Arguments broke out across my grade school about the lyrics of the songs. Because no one had a VCR, we all had to go on our faulty memories. Come next Christmas, I would show that smart-mouth Billy Petoski that it’s “I’m Mr. Sun” not “I’m Number One”! We nursed such grudges like love affairs, expecting vindication 12 months hence.

Excitement grew throughout the year as we awaited the next broadcast. The anticipation became excruciating in early December when TV Guide announced our joyous reunion with the Misers would occur that coming Thursday! Huddled in front of the television 20 minutes in advance so as to take no chance of missing anything, I turned the dial (which went from 2 to 13) to the channel in question and prepared for my long-delayed reward.

And then, it began “I’m Mr. Snow Miser, I’m Mr….” Snow. As in snow all across the television screen. The television signal was gone on all channels.

This is as good a time as any to apologize to my Creator for the words that then escaped my young mouth, particularly given the time of year.
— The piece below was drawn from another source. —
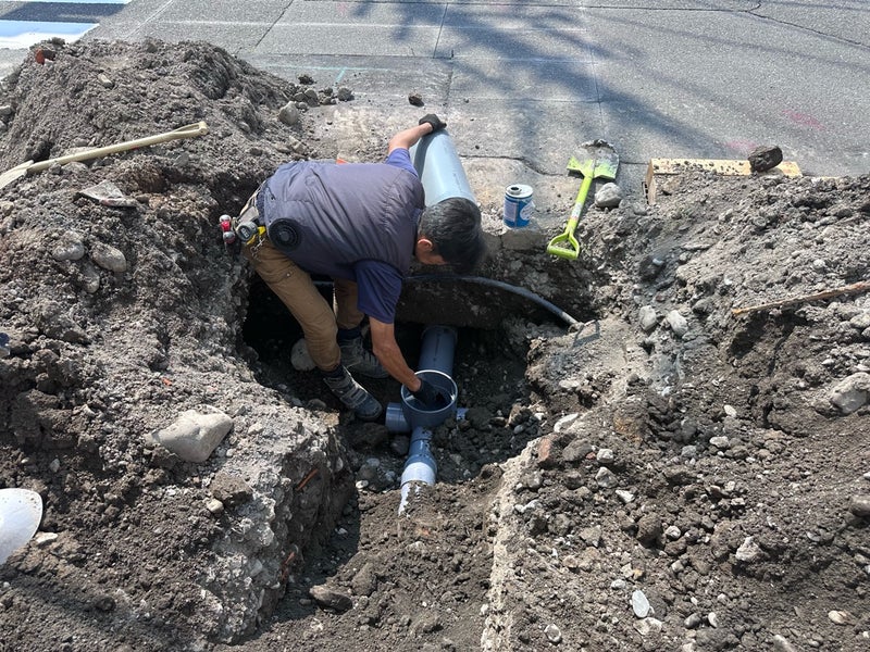 クリーニングが終わり外のコンテナが撤去されたタイミングで外の下水を接続する工事も行いました。いよいよ完成間近です。C様、お引き渡しを楽しみにお待ちください!

At least my school mates would be able to tell me what happened, I thought. But no. Sad-eyed children trudged into Second Ward Grade School the next day, all telling of similar trauma. Snow and ice had somehow damaged a television transmission tower or wire or whatever other arcane device adults were supposed to use to give us the TV we deserved. None of us got to watch the Misers, and would not be able to do so again for a full year. Agony.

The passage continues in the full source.